0x1413738e6	movsxd rax, dword ptr [rbx+0xc]
0x1413738ea	cmp eax, dword ptr [rip+0x19c2334]
0x1413738f0	jnl 0x1413738ff
0x1413738f2	shl rax, 0x4
0x1413738f6	add rax, qword ptr [rip+0x19c231b]
0x1413738fd	jmp 0x141373901
0x1413738ff	xor eax, eax
0x141373901	mov eax, dword ptr [rax+0x8]
0x141373904	shr eax, 0x1d
0x141373907	test al, 0x1

A quick explanation of this:-

  • Lines 1-3 are dealing with  “if (Index < ObjObjects.Num())”, jumping through to line 7 if Index is too large (jnl is “jump if not less”)
  • Lines 4-5 work out the FUobjectItem pointer
  • Lines 6 jumps over line 7 to line 8
  • Line 7 sets eax to zero (xor’ing a register with itself is a short/fast way of doing that)
  • Lines 8-9 grab the IsPendingKill value
  • Line 10 tests it

Considering all of this, one of these 2 things must be true:-

  1. IsPendingKill() has a bug .. it should be checking for nullptr … we’d need to investigate whether the function should then return true or false in that case…;
  2. Index is never too big – so we could optimize the code perhaps?

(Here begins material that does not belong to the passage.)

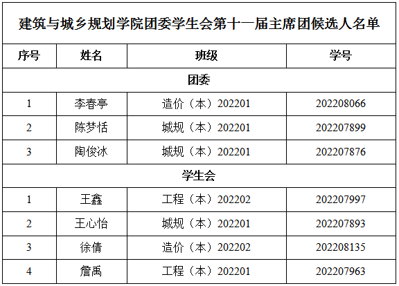 按照《共青团 91网站 委员会章程》、《 91网站 学生会章程》及相关选举方法,在公平、公正、公开、民主的前提下,进行公开竞选答辩。现将建城院团委学生会第十一届主席团候选人名单进行公示,公示时间:2024年5月6日—2024年5月9日。请全体同学监督,如有异议,请于公示期间(工作日)实名向 91网站 党委办公室反映。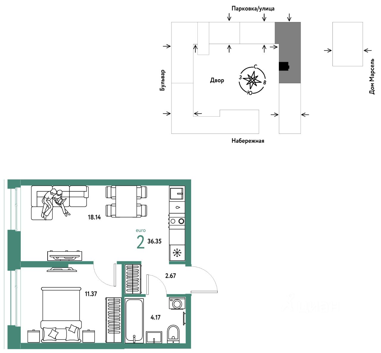 Объявление от застройщика Страна Девелопмент. Покупка квартиры защищена банком. Продается 2комнатная квартира на 12 этаже от застройщика Страна Девелопмент. Площадь квартиры 36,35 кв. м. Стоимость указана без учета акций. Европейский берег 2.0. — это продолжение легендарного жилого комплекса Европейский берег. Он включает все, что нужно для жизни, и даже больше. Этот квартал для тех, кто не готов тратить время на ненужное, жертвовать одним ради другого. Для тех, кто хочет получить все и сразу. Именно поэтому генеральная идея проекта — жилой квартал все включено. Все преимущества включены. Никаких исключений. ПРЕИМУЩЕСТВА Разнообразие планировок: от классических до квартир с мастер-спальней и террасами. Подземный паркинг с кладовыми, охраной и видеонаблюдением 24/7. Ремонт от застройщика: 5 вариантов на выбор. Закрытый двор с площадками и зонами отдыха: мост-акведук, тренажёры, лабиринты, гамаки и шезлонги. ОТДЕЛКА Базовая отделка или готовый ремонт от застройщика. В базовой отделке все черновые работы выполнены, подведены коммуникации, стены оштукатурены под маяк. В ремонт от застройщика входит 5 вариантов отделки, уже включено всё необходимое: от сантехники до кондиционера. СПОСОБЫ ПОКУПКИ Сотрудники "Страны Девелопмент" будут сопровождать вас на каждом этапе сделки, помогут получить одобрение по ипотеке или снизить ежемесячный платеж. - ипотека - материнский капитал - 100% оплата наличными - рассрочка - обмен — это выкуп вашей старой квартиры и зачисление полученных денежных средств в счет стоимости новой квартиры или в качестве первоначального взноса по ипотеке.

For now, since the code has been this way for 15 months, and as far as I know no problems have surfaced as a result of it potentially being wrong, I’m going to assume that case (2) is the correct one… at the very least, if we assume that, we’re no worse off than we were before – if we ignore Index being too large, we’d likely just have an access violation or just a read from somewhere beyond the ObjObjects array.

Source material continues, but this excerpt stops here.